When he’s not teaching, Fairbanks finds inspiration in the rhythms and activities of everyday life: on the water in a fishing boat, skateboarding around town, or flipping through books of formline “Old Masters.”
Fairbanks says he likes to “put my own twist on things, to think outside of the box,” creating designs for skateboards and t-shirts, deriving pleasure from work that can be worn and used. His designs maintain many of the fundamental rules of the artform while incorporating fresh references and motifs.
He also likes to use skateboards as a canvas for students to practice their formline techniques in the classroom: "And if my kids get in trouble, they have to draw ovoids,” Fairbanks jokes.
For the 2024 Anchorage Museum exhibition Northern Boarders, Fairbanks designed and painted four skateboards. Each skate deck incorporates original formline designs that tell stories of the sky, incorporating shades of blue, black, and the natural maple wood of the board.
“I love painting on skateboards, they’re a really cool canvas. I love the boundaries a skate deck creates and the challenge of it,” Fairbanks says.
Skateboarding and snowboarding were part of Fairbanks’ life from a young age and continue to permeate his art practice.
Being an artist in Southeast Alaska is both full of opportunities and challenges. Fairbanks loves the small, tight-knit community and how everyday life influences his artmaking. On the other hand, sharing and promoting his work can be a challenge due to geographic isolation and high shipping costs.
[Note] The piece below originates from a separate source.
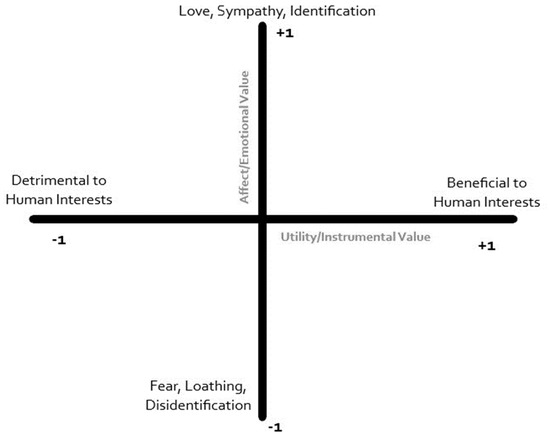 To understand this wide range of attitudes toward domestic dog, Serpell [13] proposes a biaxial model. He suggests that whether viewing individual dogs or the cultural archetype “the dog”, dogs exist on two continuous axes that intersect and interact (see Figure 1). On one axis is the utility of dogs, ranging from detrimental to beneficial to human interests. Beneficial utility includes roles such as those found by Gray and Young [1], while detrimental utility includes disease carriers and dogs who are a potential danger to the humans with whom they share space. The other axis considers the affect related to dogs, ranging from fear and loathing to love and identification. The affect axis may be viewed as encompassing measurable characteristics such as attachment, appreciation for the symbolism of the animal, or the willingness to sympathize [14].

Social media has helped mitigate some of the challenges, along with representation by the Stonington Gallery in Seattle and the Houston Museum of Natural Science. Working with institutions like Sealaska Heritage Institute and collaborating with other artists has also helped inject fresh energy into his practice.
At the end of the day, though, Fairbanks is content to be making a difference in the lives of his students through art.
“It’s great to show kids how to create, and when they get that ‘aha’ moment—it’s one of the coolest things for me.”